> **THE DATA**
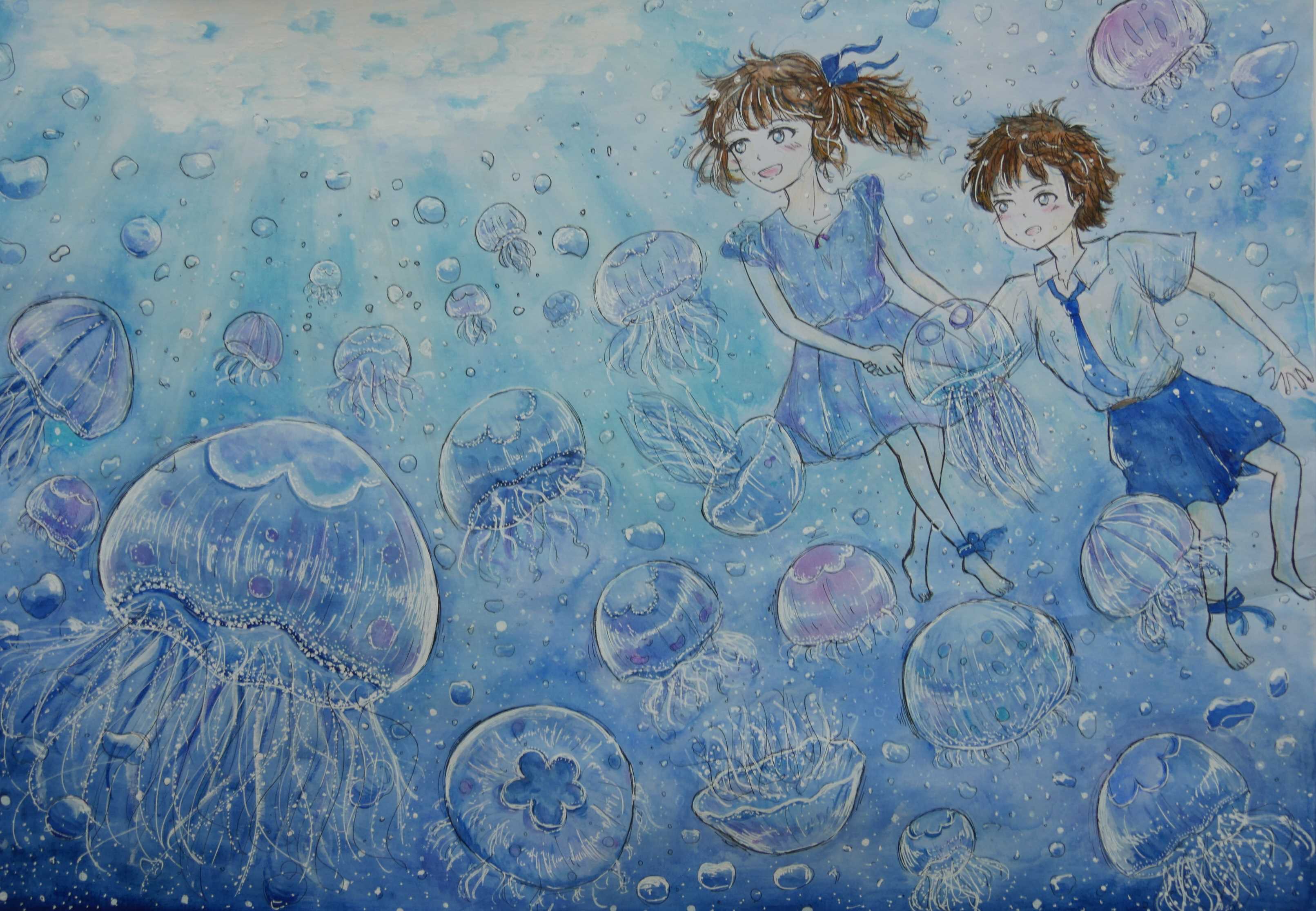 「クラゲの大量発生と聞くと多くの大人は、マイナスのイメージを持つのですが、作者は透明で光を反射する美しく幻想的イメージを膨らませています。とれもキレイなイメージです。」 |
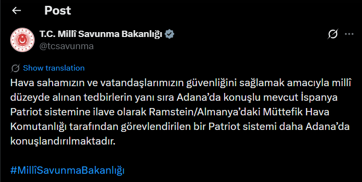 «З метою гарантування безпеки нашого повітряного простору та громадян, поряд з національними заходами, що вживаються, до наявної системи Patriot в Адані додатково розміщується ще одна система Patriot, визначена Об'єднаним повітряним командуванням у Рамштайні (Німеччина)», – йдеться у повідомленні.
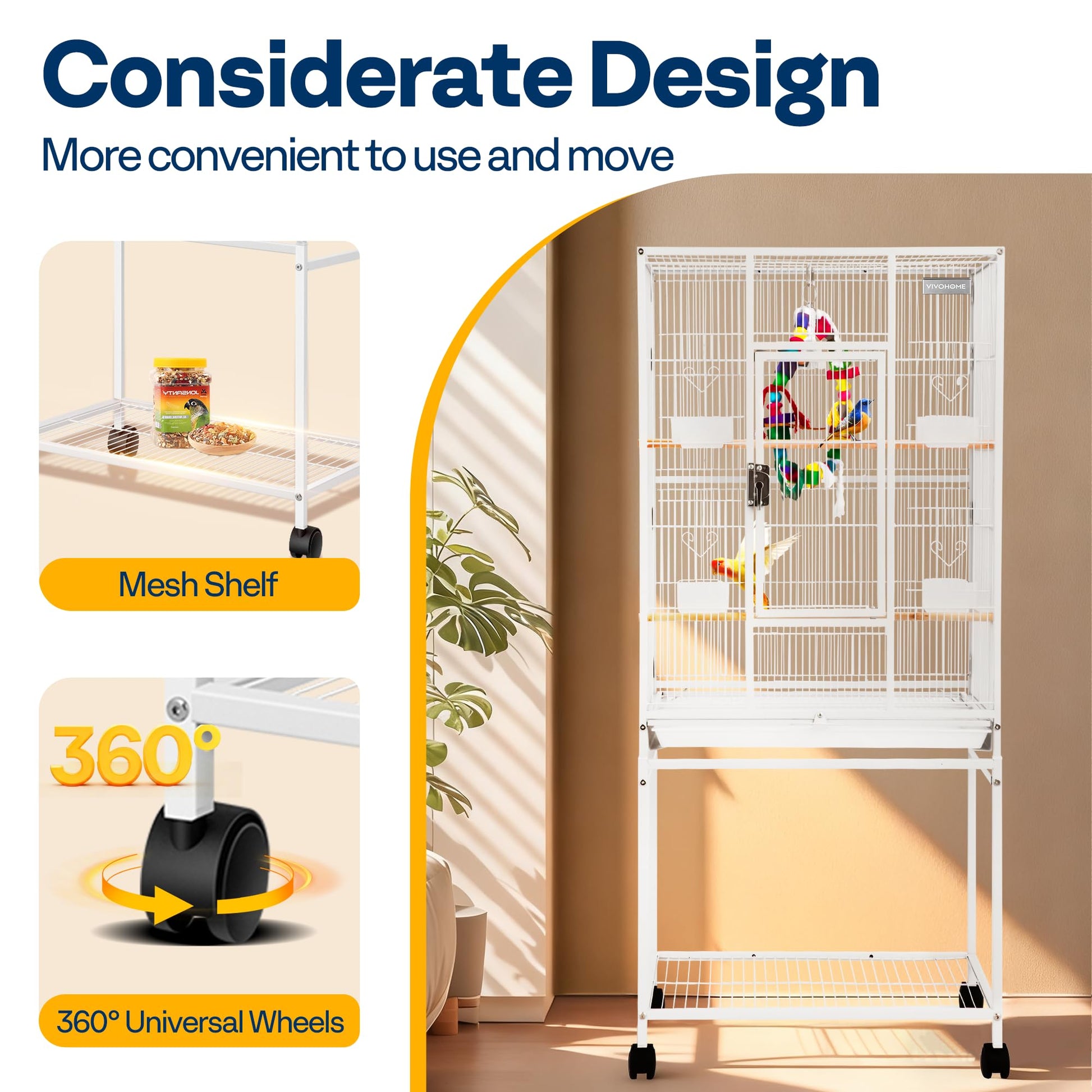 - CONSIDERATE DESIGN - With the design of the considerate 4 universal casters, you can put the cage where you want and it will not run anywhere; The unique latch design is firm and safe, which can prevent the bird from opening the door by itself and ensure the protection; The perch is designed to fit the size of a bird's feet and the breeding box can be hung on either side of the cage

> **WHAT IS NEEDED**
Please write out the material from the line containing "йдеться у повідомленні." to its final line, both inclusive, exactly as it appears; pictures are not part of the copy.

> **RESULT OF THE TASK**
 «З метою гарантування безпеки нашого повітряного простору та громадян, поряд з національними заходами, що вживаються, до наявної системи Patriot в Адані додатково розміщується ще одна система Patriot, визначена Об'єднаним повітряним командуванням у Рамштайні (Німеччина)», – йдеться у повідомленні.
 - CONSIDERATE DESIGN - With the design of the considerate 4 universal casters, you can put the cage where you want and it will not run anywhere; The unique latch design is firm and safe, which can prevent the bird from opening the door by itself and ensure the protection; The perch is designed to fit the size of a bird's feet and the breeding box can be hung on either side of the cage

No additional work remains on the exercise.